The World Bank Group (WBG) is a family of five international organizations that make leveraged loans to developing countries. It is the largest and best-known development bank in the world and an observer at the United Nations Development Group. The bank is headquartered in Washington, D.C. in the United States. It provided around $98.83 billion in loans and assistance to "developing" and transition countries in the 2021 fiscal year. The bank's stated mission is to achieve the twin goals of ending extreme poverty and building shared prosperity. Total lending as of 2015 for the last 10 years through Development Policy Financing was approximately $117 billion. Its five organizations are the International Bank for Reconstruction and Development (IBRD), the International Development Association (IDA), the International Finance Corporation (IFC), the Multilateral Investment Guarantee Agency (MIGA) and the International Centre for Settlement of Investment Disputes (ICSID). The first two are sometimes collectively referred to as the World Bank.

The World Bank's (the IBRD's and IDA's) activities focus on developing countries, in fields such as human development (e.g. education, health), agriculture and rural development (e.g. irrigation and rural services), environmental protection (e.g. pollution reduction, establishing and enforcing regulations), infrastructure (e.g. roads, urban regeneration, and electricity), large industrial construction projects, and governance (e.g. anti-corruption, legal institutions development). The IBRD and IDA provide loans at preferential rates to member countries, as well as grants to the poorest countries. Loans or grants for specific projects are often linked to wider policy changes in the sector or the country's economy as a whole. For example, a loan to improve coastal environmental management may be linked to the development of new environmental institutions at national and local levels and the implementation of new regulations to limit pollution.

History

Founding
The WBG came into formal existence on 27 December 1946 following international ratification of the Bretton Woods agreements, which emerged from the United Nations Monetary and Financial Conference (1–22 July 1944). It also provided the foundation of the Osiander Committee in 1951, responsible for the preparation and evaluation of the World Development Report. Commencing operations on 25 June 1946, it approved its first loan on 9 May 1947 (USD 250M to France for postwar reconstruction, in real terms the largest loan the Bank has issued to date).

Membership

All of the 188 UN members and Kosovo that are WBG members participate at a minimum in the IBRD. As of May 2016, all of them also participate in some of the other four organizations (IDA, IFC, MIGA, and ICSID).

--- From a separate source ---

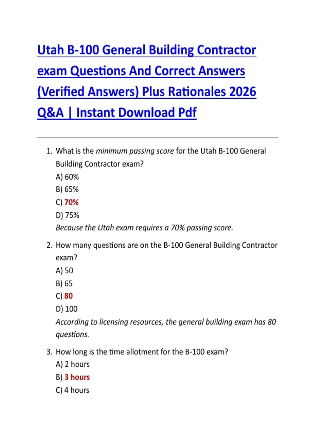 The Utah B-100 General Building Contractor Exam resource provides candidates with a comprehensive set of practice questions and verified correct answers to prepare for the Utah general building contractor licensing exam. This updated 2026/2027 version covers building codes, construction principles, safety regulations, project management, and business practices. The material supports exam preparation, reinforces essential knowledge, and helps learners improve test-taking strategies, confidence, and performance for successful Utah B-100 certification.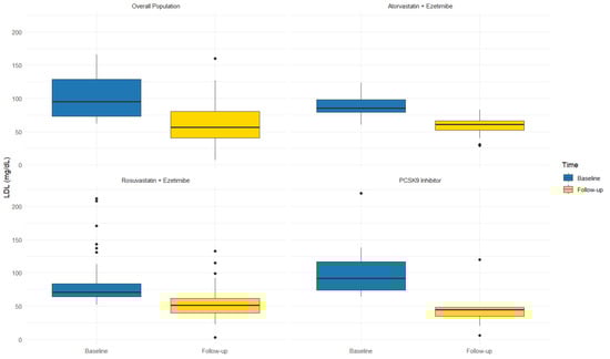 Categorical data were presented as frequency and percentage, while continuous variables were expressed as either median (interquartile range [IQR]) or mean ± SD, depending on their distribution, which was assessed using both the Kolmogorov–Smirnov and the Shapiro–Wilk tests. Differences for categorical variables were assessed by the chi-square test, with the application of Yates correction where appropriate. Either parametric Student’s t-test or nonparametric Mann–Whitney U test and Wilcoxon test were used to compare continuous variables, depending on their distribution. Box plot analysis was performed to visually depict LDL levels within each therapy group at baseline and after BA add-on. A 2-sided p-value < 0.05 was considered statistically significant. All analyses were conducted using SPSS software version 24.0 (SPSS, Chicago, IL, USA), while box plots were generated using RStudio® 2024.09.1 software (RStudio, Boston, MA, USA).

WBG members by the number of organizations in which they participate:
Only in the IBRD: None
The IBRD and one other organization: San Marino, Nauru, Tuvalu, Brunei
The IBRD and two other organizations: Antigua and Barbuda, Suriname, Venezuela, Namibia, Marshall Islands, Kiribati
The IBRD and three other organizations: India, Mexico, Belize, Jamaica, Dominican Republic, Brazil, Bolivia, Uruguay, Ecuador, Dominica, Saint Vincent and the Grenadines, Guinea-Bissau, Equatorial Guinea, Angola, South Africa, Seychelles, Libya, Somalia, Ethiopia, Eritrea, Djibouti, Bahrain, Qatar, Iran, Malta, Bulgaria, Poland, Russia, Belarus, Kyrgyzstan, Tajikistan,  Turkmenistan, Thailand, Laos, Vietnam, Palau, Tonga, Vanuatu, Maldives, Bhutan, Myanmar
All five WBG organizations: the rest of the 138 WBG members

Non-members are Andorra, Cuba, Liechtenstein, Monaco, Palestine, the Holy See (Vatican City), Taiwan, and North Korea.

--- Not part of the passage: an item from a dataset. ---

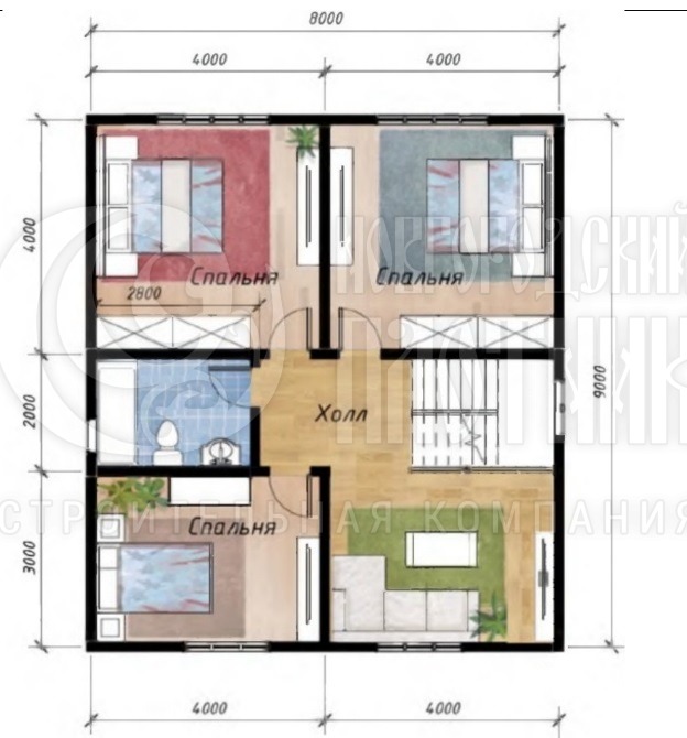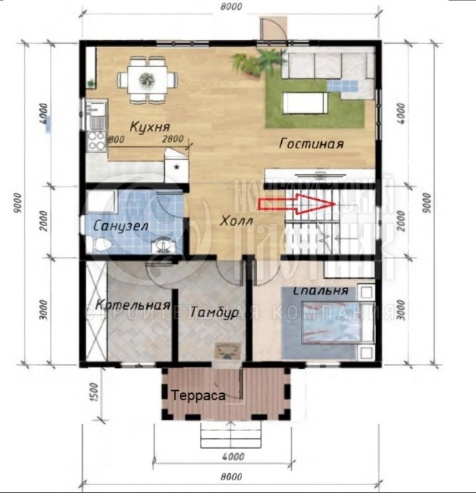 Каркасный дом 8х9м с крыльцом (проект Д-19)

The Republic of China joined the World Bank on December 27, 1945. After the Chinese Civil War, the government fled to Taiwan and continued its membership in the WBG until April 16, 1980, when the People's Republic of China replaced the ROC. Since then, it uses the name "Taiwan, China".

Excluded from the list are the following de facto states: Abkhazia, Artsakh, the Donetsk People's Republic, the Luhansk People's Republic, Northern Cyprus, the Sahrawi Arab Democratic Republic, Somaliland, South Ossetia, and Transnistria.

Organizational structure

Together with four affiliated agencies created between 1957 and 1988, the IBRD is part of the World Bank Group. The Group's headquarters are in Washington, D.C. It is an international organization owned by member governments; although it makes profits, they are used to support continued efforts in poverty reduction.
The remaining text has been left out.